Guerrero, agua, poder y territorio: luces y sombras de la nueva Ley

Celestino Cesáreo Guzmán

La aprobación, hace unos días, de la nueva Ley de Aguas en el Congreso de la Unión marca uno de los cambios institucionales más profundos en la gestión hídrica del país en las últimas décadas. No es una reforma menor: redefine quién decide, cómo se asigna el recurso y bajo qué criterios se sanciona su uso. Como toda transformación estructural, tiene argumentos a favor y riesgos evidentes. Analizarla con serenidad es indispensable, sobre todo para estados como Guerrero, donde el agua no es un activo económico, sino un factor de supervivencia.

img_2318 Guerrero, agua, poder y territorio: luces y sombras de la nueva Ley

Nuestro estado nunca ha tenido una relación sencilla con el vital líquido.

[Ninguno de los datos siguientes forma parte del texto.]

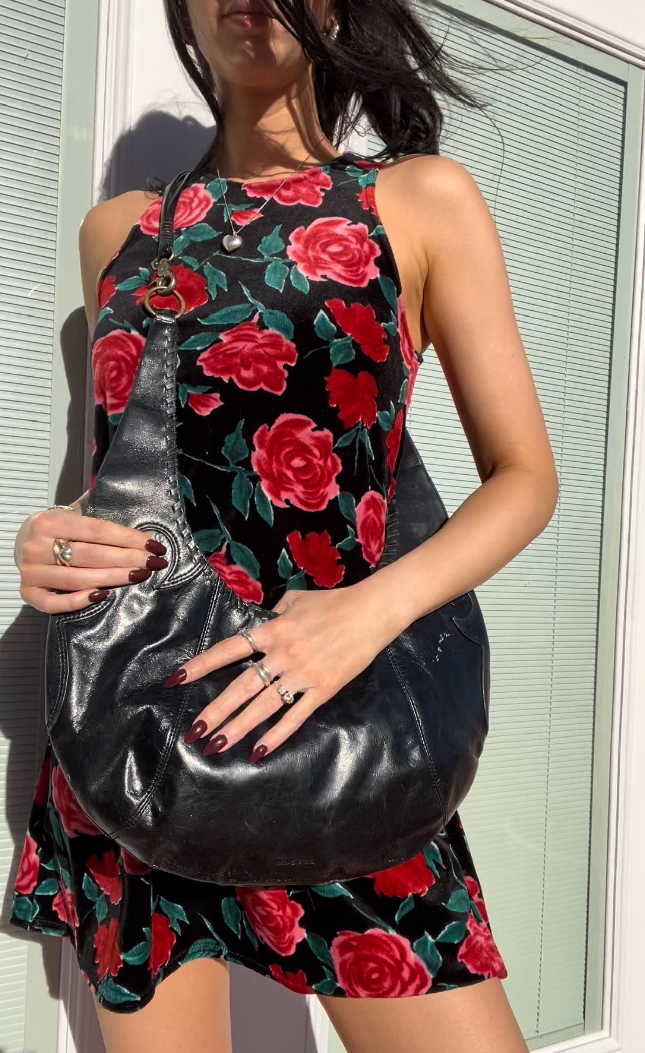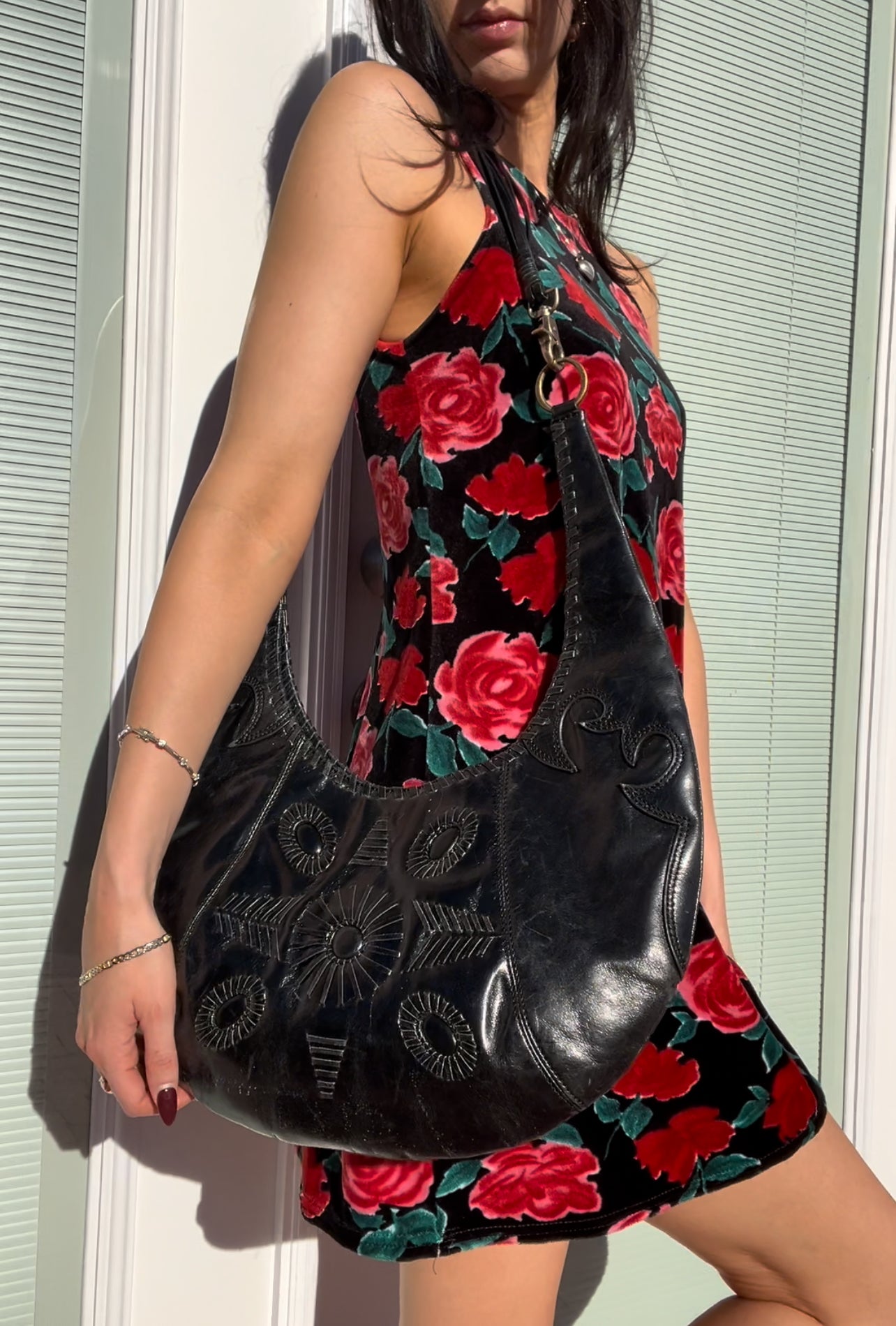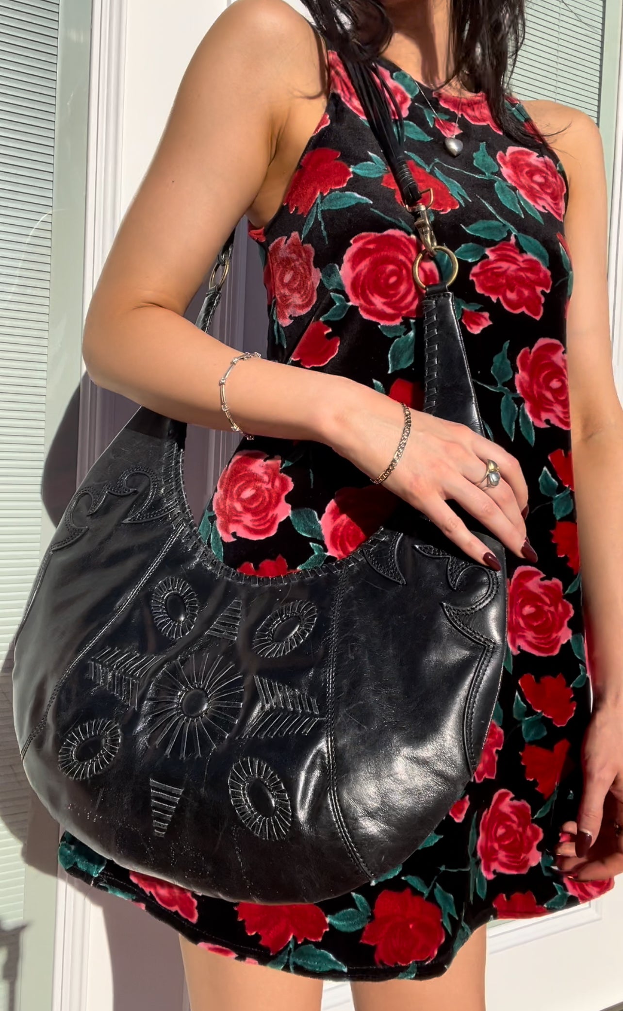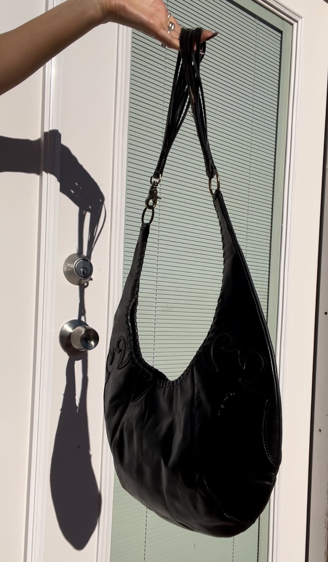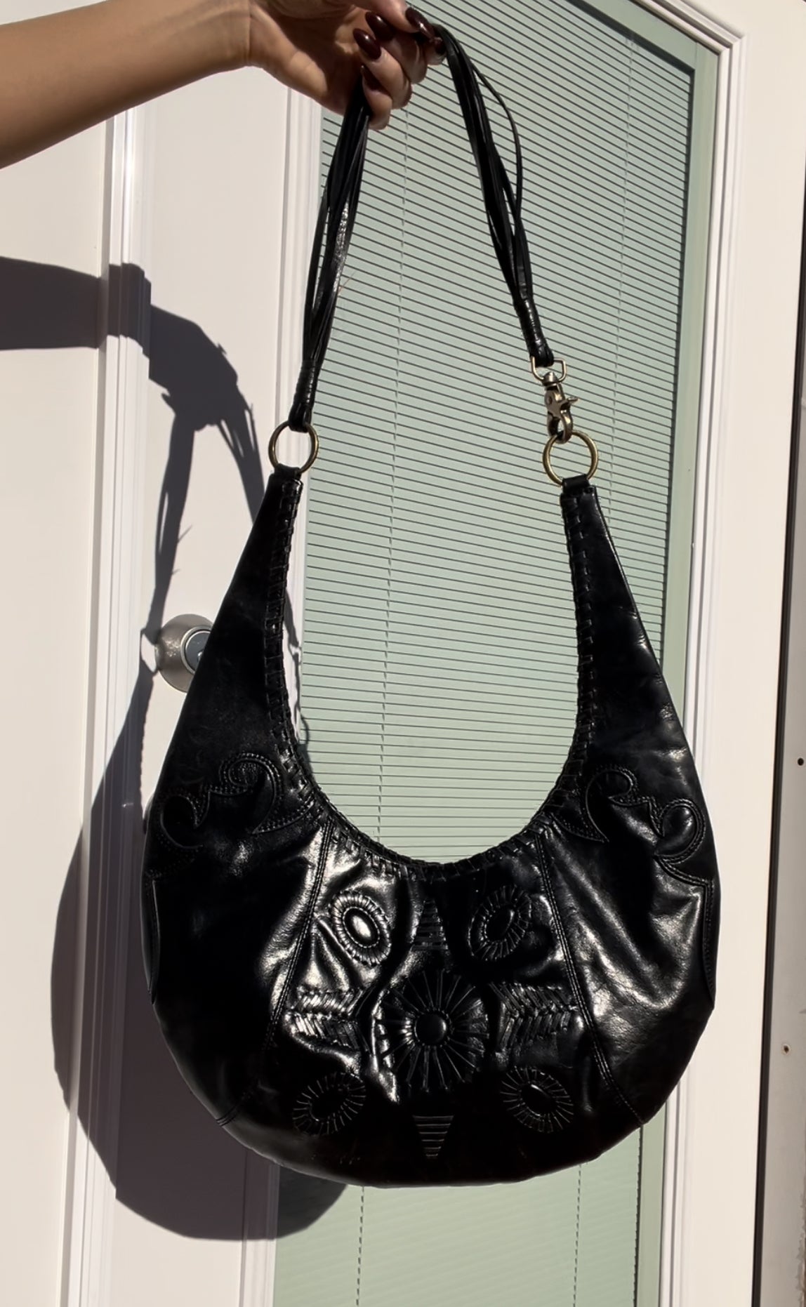 Western style vintage BCBG black leather crescent shoulder bag with embroidering and multi string strap detail.

No por exceso, sino por carencia histórica de infraestructura, planeación y acompañamiento institucional.

Con la reforma agraria, el campesino recibió tierra, pero no recibió riego. Mientras el norte del país consolidaba distritos hidráulicos y tecnificación agrícola, Guerrero quedó anclado a la agricultura de temporal. Esa herencia explica, en buena medida, su pobreza rural, su vulnerabilidad climática y su dependencia de la lluvia.

En este contexto debe analizarse la nueva Ley de Aguas aprobada por el Legislativo federal: no como una discusión abstracta, sino como una decisión que impacta a Guerrero, donde más del 90 % de la superficie agrícola depende del temporal, sólo existen dos distritos de riego y donde la mayor parte del territorio es ejidal o comunal.

Recuperar la rectoría del Estado y ordenar el uso del recurso es una necesidad real frente a la crisis hídrica, la sobreexplotación de acuíferos y el cambio climático.

Desde una lógica nacional, centralizar información y fortalecer la capacidad de decisión federal puede evitar abusos y permitir una planeación más integral.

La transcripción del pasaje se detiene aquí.